Even if new energy technologies could approach the energy density characteristcs of oil, which is unlikely, the real problem is that there is a long time delay to producing new technologies. The ten or twenty years it takes to convert from gasoline commuting to public transit will be very painful, not to mention the de-globalization of food.
If you're not up to speed on the science, I recommend this PowerPoint deck as an introduction. http://cogsci.ucsd.edu/%7Esereno/oil05.ppt
There is also an excellent 91-page PDF called "Peaking Of World Oil Production: Impacts, Mitigation, & Risk Management" by Robert L. Hirsch, of SAIC. Here is a summary http://www.energybulletin.net/4638.html which contains a link to the full report.
Posted by: Michael J. | June 23, 2005 at 11:09 AM
Michael,
I get the sense that you're arguing with the portion of my post that I excerpted from the other weblog, though it's not completely clear. You don't seem to be contradicting my argument on the subsidization of the oil industry and the detrimental impact this has had on the development of alternative energy industries. Regardless, I thank you for the references to further reading on Peak Oil.
Daniel
Posted by: Daniel O'Connor | June 23, 2005 at 12:44 PM
If you wouldn't mind, could you please point to how the US government subsidizes oil? Are you speaking of outright subsidies, or 2nd tier effects?
Posted by: ebuddha | June 24, 2005 at 02:37 PM
Here's something from my clippings file:
"Americans prefer lower prices at the pump even if they have to pay hundreds of billions of dollars in taxes to support a U.S. military presence in the Middle East. Amy Myers Jaffe has calculated that the cost to taxpayers of oil-related military activities is equivalent to about ten cents per gallon of gasoline. “We are being taxed on energy in this country,” she said. “It’s just hidden.”"
[From The New Yorker, 11/23/04, http://www.newyorker.com/fact/content/?041011fa_fact ]
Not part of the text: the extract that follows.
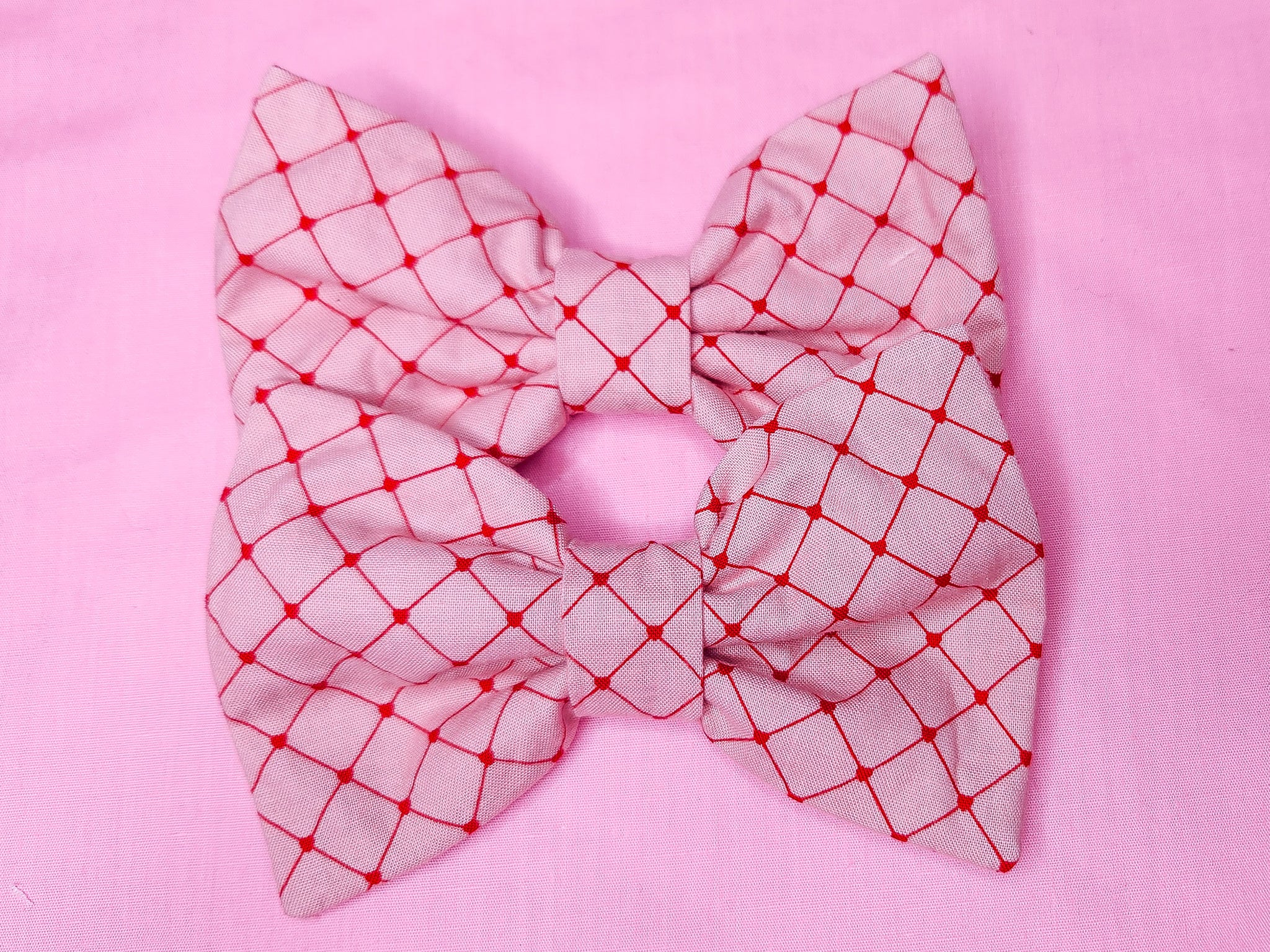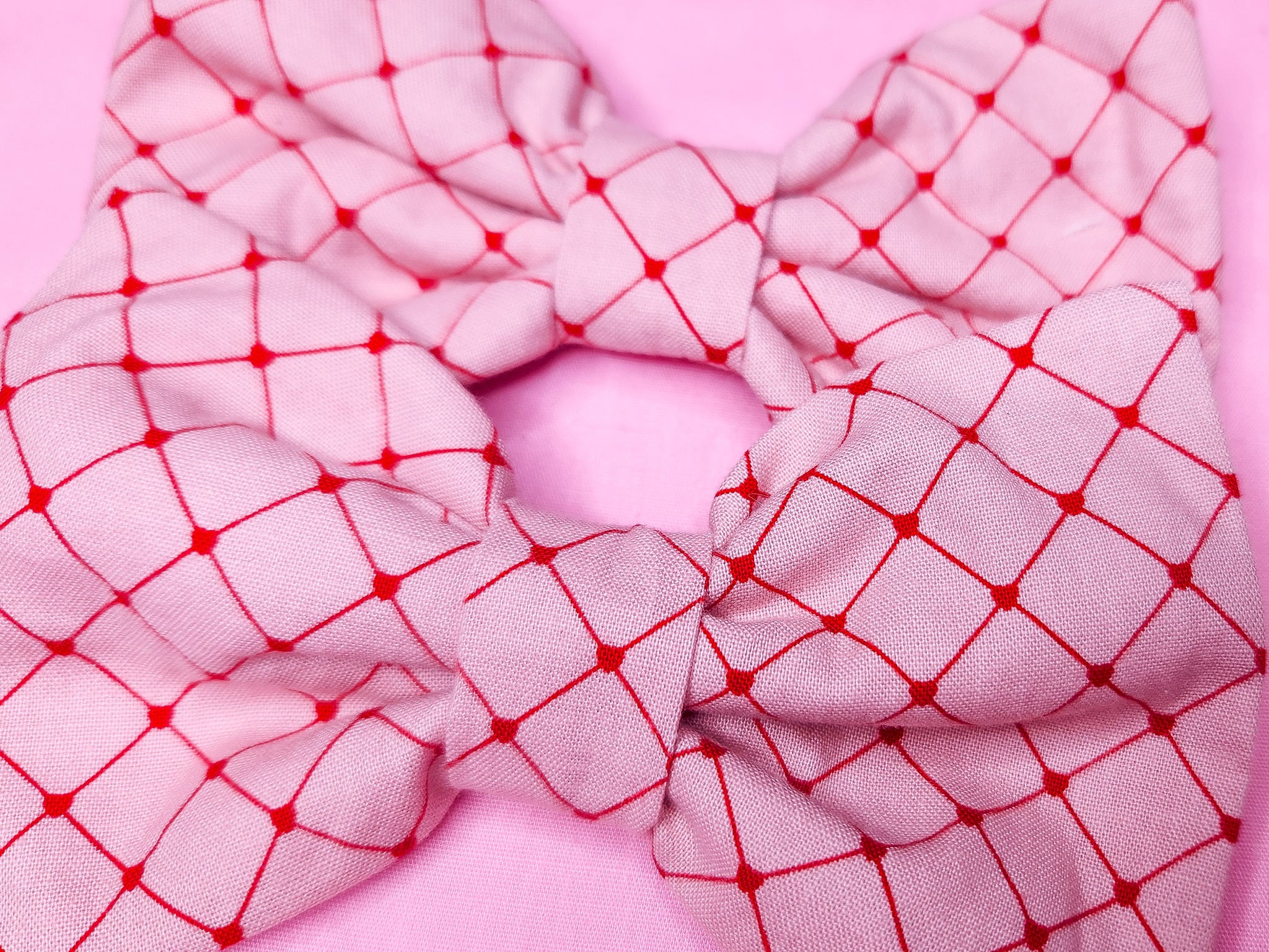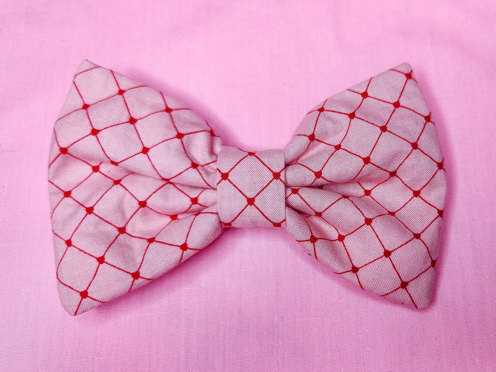 💖 MATERIALS: Pink quilting cotton with a faux crisscross quilted/tufted print in red with hearts! Fastens with alligator clip. Wear in your hair, on your bags, or as a bow tie!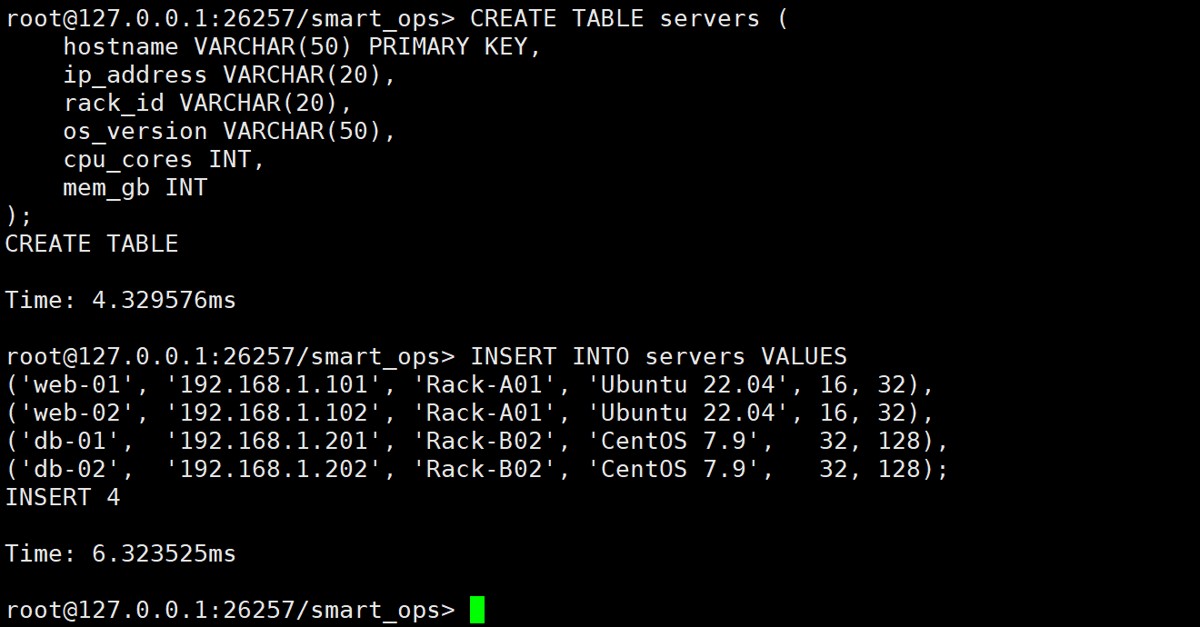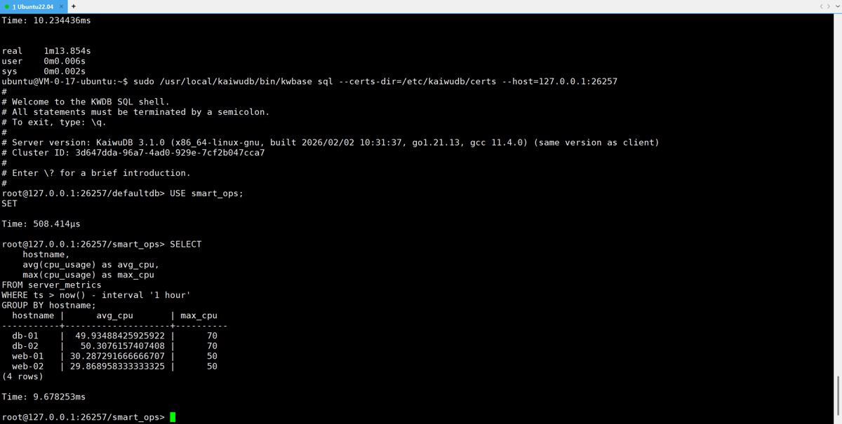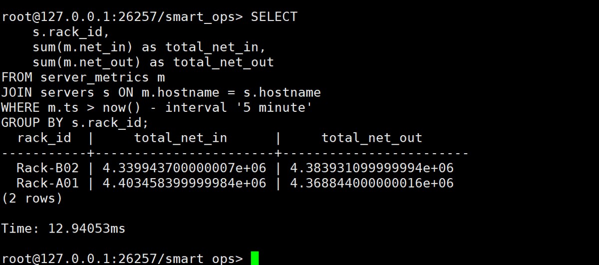 - 业务价值:这是一个典型的跨表聚合查询。kwdb 成功将 metrics 表中的流量数据与 cmdb 表中的机架信息(

Posted by: jeem | June 27, 2005 at 11:36 AM
Excellent article "jeem"... thanks.
My research into this was a long time ago, before the web, so I do not have current sources to cite. But the scale of the subsidy for oil via the defense budget is probably enormous... I would say in the trillions of dollars over these past 35 years... enough to ramp up one hell of an alternative energy sector.
If only the Pentagon was required by law to pass an audit every year, then we might have a few line items to add up and get our answer. But, of course, audits are only necessary for private companies and households.